Староста подступил медленно, осторожно, в отличие от Хомта — тот бодро шагал к нам, в руке у него непонятным образом очутилась глиняная бутылка с вином.
— А ребята? — спросил он.
— Нам они больше не понадобится. Кстати, Фидл, распорядись, чтобы все малые пахари отдыхали и веселились на всю катушку, теперь по-настоящему. Больше никаких нападений.
Староста закивал и побежал к дому. Остановившись около мужчин, ждущих поодаль, он передал мои слова. Те зашумели, победно, триумфально, и кинулись к прячущимся жителям.
— Хомт, мангустов это тоже касается. Ребята замечательно потрудились эти дни, отплати им не одной монетой, но и отличным отдыхом.
Сорли лихорадочно посмотрел на все еще недоуменных наемников.

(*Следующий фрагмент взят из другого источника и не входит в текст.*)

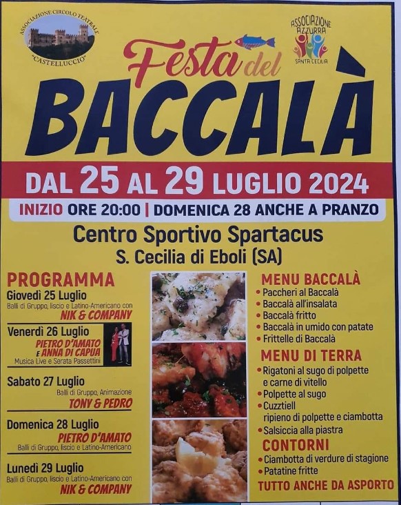 Festa del Baccalà a Santa Cecilia di Eboli dal 25 al 29 Luglio, al centro sportivo Spartacus

— Бойцы, слушай мою команду! Вольно! Снять доспехи, отложить оружие и надраться как следует! Кого замечу трезвым — лишу жалованья и нажалуюсь магистру Лоджалю или самому Памдригу! Выполняй! Ну и раз такое дело, пожалуй, хлебну-ка и я!

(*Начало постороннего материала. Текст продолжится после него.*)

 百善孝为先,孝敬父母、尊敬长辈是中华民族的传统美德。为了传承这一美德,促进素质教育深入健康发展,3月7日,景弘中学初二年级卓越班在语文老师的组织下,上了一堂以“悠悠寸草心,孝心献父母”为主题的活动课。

Бутылка опустела в четыре глотка и со звоном разлетелась о водозаборную решетку. А вот, кажется, до жителей донесли радостные известия — визжащая толпа громогласной лавиной штурмовала поляну. Они спешили праздновать, веселиться и отмечать. По-честному, как нормальные люди. Они слишком долго ждали. С удвоенными силами и стар, и млад набросилась на угощения; потекло вино и пиво. Наконец-то во всю силу заиграли гусли и волынки; наконец-то во всю прыть затанцевали девушки. Никакой скованности, только искренние улыбки на лицах.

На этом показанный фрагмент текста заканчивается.